TASK REQUIREMENTS:
Everything from the "les petits espaces." line to the final line of the listing should be written out exactly. Skip the pictures.

━━━━━━━━━━━━━━━━━━━━

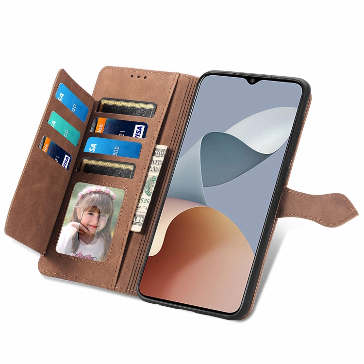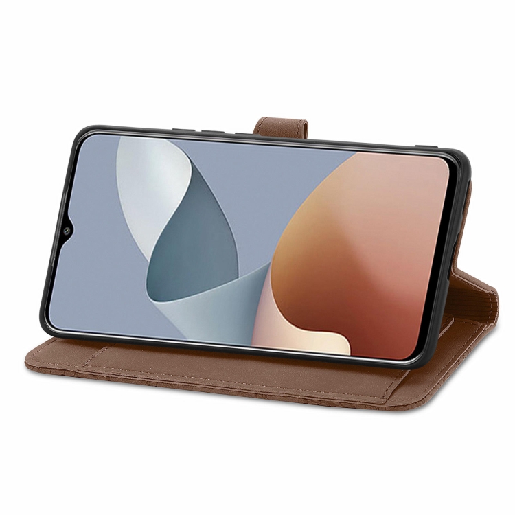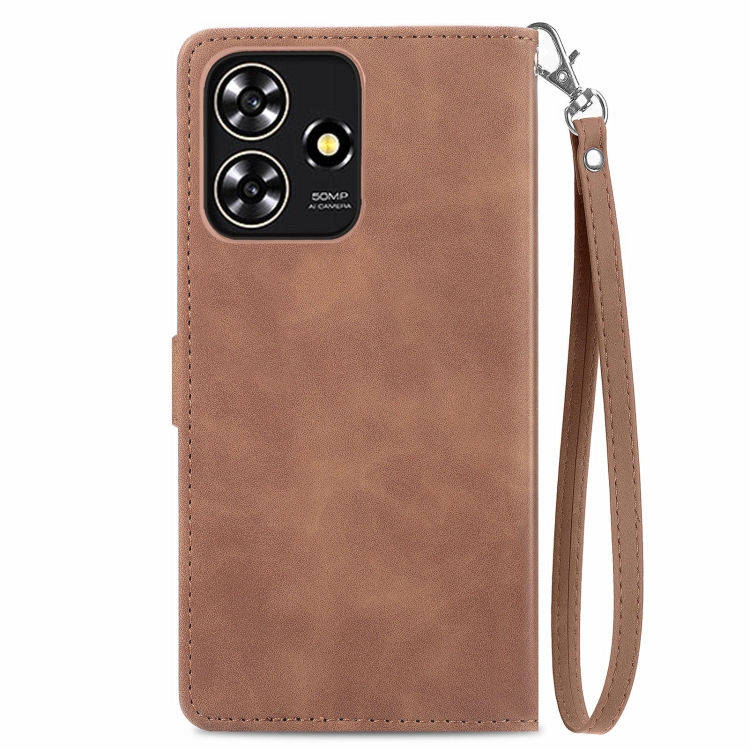 Funda de Cuero para ZTE Blade A73 4G con Cremallera y Flores en Relieve (Marrón)
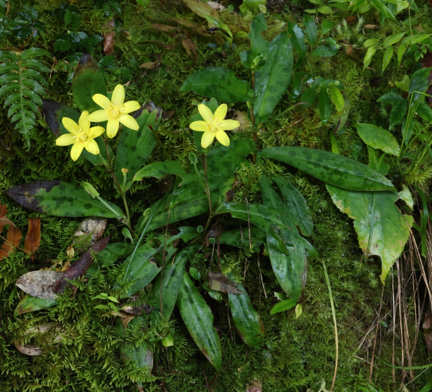 草丈(花茎)約20cmの3株。コケのにおおわれた崖地に根茎を下ろし、開花したばかりの花をつけている。虫による食害で傷んだ葉をつけている個体が多いが、この個体は
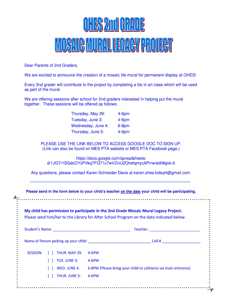Dear Parents of 2nd Graders, We are excited to announce the creation of a mosaic tile mural for permanent display at ONES! Every 2nd grader will contribute to the project by completing a tile in art
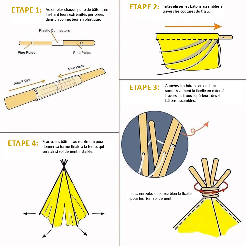 • Montage Simple et Rapide : Le tipi est facile à assembler grâce à des instructions claires. Une fois monté, il peut être replié et rangé facilement, ce qui le rend pratique pour les petits espaces.
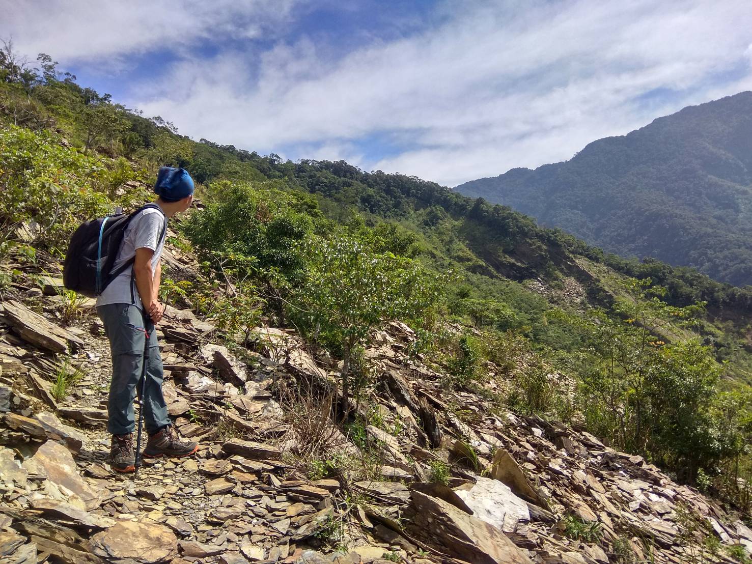 原訂昨日109/9/11單攻大母母山是中秋節活動的體訓,難度適宜且又能作為場地勘察(或許能舉辦登山體驗營)。不料體訓因眾多原因需停辦,但山野群夥伴還是想一探究竟,就照常出發。 以下是這次場勘狀況: 本次從高科大(第一校區)出發時間5:00,停車場出發時間8:40(天氣晴朗),抵達岔路口時間12:05,大母母回岔路時間13:30(路程有衝刺),回停車場時間16:15(沿路降雨)。 1.佳暮部落之後的路況不佳,碎石頭、崩掉的路很多,下雨天更不適合走(建議開車)2.6.6K停車場到行車終點,機車可以過去,省來回1小時3.崩壁大約五個左右,若不敢過,可能要花很多時間4.路況極佳、通訊良好,水源點很棒5.部分溪溝、植被潮濕要小心滑倒6.往大母母山原路崩塌,目前已開發新路,叉路口-三角點來回約2小時(輕裝)7.岔路口到三角點中後的路段,路徑不明顯,容易被劍竹、倒木、獵路混淆走錯,ㄧ走錯要對航跡、走回上個布條點確認8.營地豪華營地&大岩壁營地比較推9.整體上路是好走、輕鬆的10.有些路段有衝刺,實際時間約8小時(含走林道) 11.雨天經過石板、石頭會超滑,務必留意小心經過 12.第二個崩壁有超巨大虎頭蜂窩 結論:規劃兩天一夜的行程登山體驗營是頗適合的,但交通要格外留意。 3D路線軌跡https://ayvri.com/scene/15y00m31jx/ckf44uo5e00013t5qayjoyisp
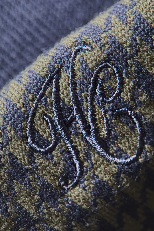 • Navy/khaki houndstooth
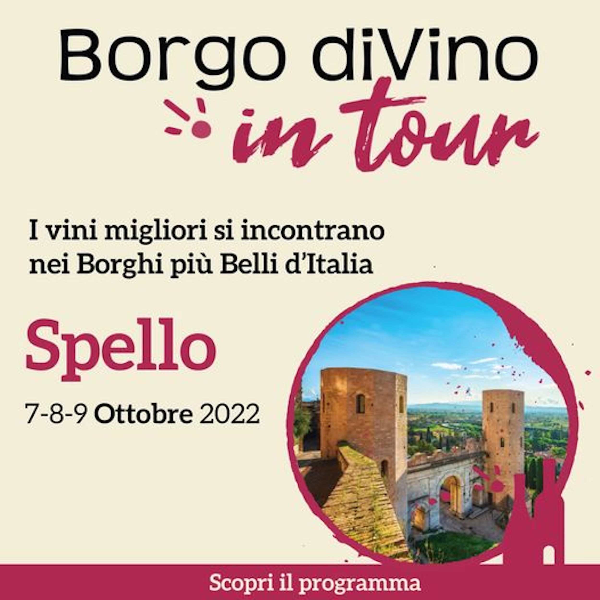 Il fine settimana del 7, 8, 9 Ottobre a Spello, città d’arte e dei fiori, arriva la decima ed ultima tappa della kermesse enologica Borgo DiVino in Tour.
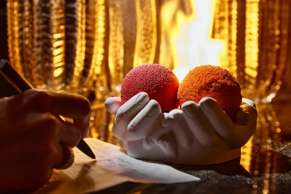 В ресторане Avero mio гости могут заказать авторский парный десерт “Мужчины с Марса – женщины с Венеры” (1300 руб.), подаваемый в ладонях Микеланджело и дополненный свитками-валентинками и приятным бьюти-подарком от “Селенцин”. Две сферы из белого и черного шоколада с бисквитом Мадлен и конфитюром из клубники, апельсина и корицы – это настоящее признание в любви, вербализировать которое можно на бумаге: на свитках можно написать друг другу приятные слова и даже дать обещания, а затем сжечь при помощи свечи. Десерт несет большой философский смысл: притяжение таких разных Марса и Венеры неизбежно; между ними – страсть и созидание, хаос и гармония, и из всего этого рождаются чувства и эмоции.

━━━━━━━━━━━━━━━━━━━━

SOLUTION TO THIS TASK:
 • Montage Simple et Rapide : Le tipi est facile à assembler grâce à des instructions claires. Une fois monté, il peut être replié et rangé facilement, ce qui le rend pratique pour les petits espaces.
 原訂昨日109/9/11單攻大母母山是中秋節活動的體訓,難度適宜且又能作為場地勘察(或許能舉辦登山體驗營)。不料體訓因眾多原因需停辦,但山野群夥伴還是想一探究竟,就照常出發。 以下是這次場勘狀況: 本次從高科大(第一校區)出發時間5:00,停車場出發時間8:40(天氣晴朗),抵達岔路口時間12:05,大母母回岔路時間13:30(路程有衝刺),回停車場時間16:15(沿路降雨)。 1.佳暮部落之後的路況不佳,碎石頭、崩掉的路很多,下雨天更不適合走(建議開車)2.6.6K停車場到行車終點,機車可以過去,省來回1小時3.崩壁大約五個左右,若不敢過,可能要花很多時間4.路況極佳、通訊良好,水源點很棒5.部分溪溝、植被潮濕要小心滑倒6.往大母母山原路崩塌,目前已開發新路,叉路口-三角點來回約2小時(輕裝)7.岔路口到三角點中後的路段,路徑不明顯,容易被劍竹、倒木、獵路混淆走錯,ㄧ走錯要對航跡、走回上個布條點確認8.營地豪華營地&大岩壁營地比較推9.整體上路是好走、輕鬆的10.有些路段有衝刺,實際時間約8小時(含走林道) 11.雨天經過石板、石頭會超滑,務必留意小心經過 12.第二個崩壁有超巨大虎頭蜂窩 結論:規劃兩天一夜的行程登山體驗營是頗適合的,但交通要格外留意。 3D路線軌跡https://ayvri.com/scene/15y00m31jx/ckf44uo5e00013t5qayjoyisp
 • Navy/khaki houndstooth
 Il fine settimana del 7, 8, 9 Ottobre a Spello, città d’arte e dei fiori, arriva la decima ed ultima tappa della kermesse enologica Borgo DiVino in Tour.
 В ресторане Avero mio гости могут заказать авторский парный десерт “Мужчины с Марса – женщины с Венеры” (1300 руб.), подаваемый в ладонях Микеланджело и дополненный свитками-валентинками и приятным бьюти-подарком от “Селенцин”. Две сферы из белого и черного шоколада с бисквитом Мадлен и конфитюром из клубники, апельсина и корицы – это настоящее признание в любви, вербализировать которое можно на бумаге: на свитках можно написать друг другу приятные слова и даже дать обещания, а затем сжечь при помощи свечи. Десерт несет большой философский смысл: притяжение таких разных Марса и Венеры неизбежно; между ними – страсть и созидание, хаос и гармония, и из всего этого рождаются чувства и эмоции.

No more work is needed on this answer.